Je me suis demandée s’il était possible qu’un jour on accorde un plus d’espace aux gens de peu, aux gens de rien, à la « débrouillardise des gens sans fortune », comme disait Jacques Ferron. D’ailleurs, je me suis rappelé qu’ici même, à Longueuil, il n’y a pas si longtemps, se trouvait une « agglomération de maisonnettes pour la plupart inachevées, souvent bâties avec des matériaux de fortune. » (Jacques Ferron, Escarmouches, Bibliothèque québécoise, 1998, p. 151).
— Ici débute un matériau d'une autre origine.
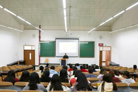 赵永伦教授结合当今中国的国际形势,围绕习近平强军思想的时代依据、习近平强军思想的科学体系、坚定不移地把习近平强军思想全面贯彻到国防和军队现代化各领域全过程三个方面,阐述习近平强军思想,用大量的图片和振奋人心的故事,向同学们讲述习近平强军思想在国防和军队建设中发挥的重要作用和取得的伟大成就。
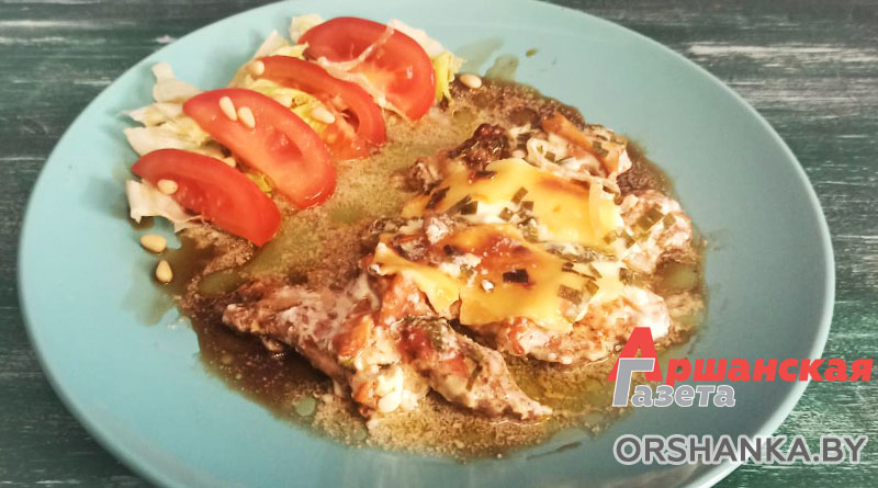 Запеченные куриные бедрышки с лисичками в сметанном соусе

C’était à l’époque où Longueuil s’appelait Ville Jacques-Cartier.
Dans ce monde, ma radio ne raconterait pas comment éviter de payer des impôts. Elle parlerait plutôt de ralentissement économique et de simplicité volontaire. On apprendrait comment vivre heureux peu, avec rien.
En discutant du sujet de ce texte avec mon amoureux hier, il m’a lancé ceci :
— Pierre-Yves McSween, ce n’est pas le gars qui a écrit le livre « En as-tu vraiment besoin ? ».
Nous avons ri.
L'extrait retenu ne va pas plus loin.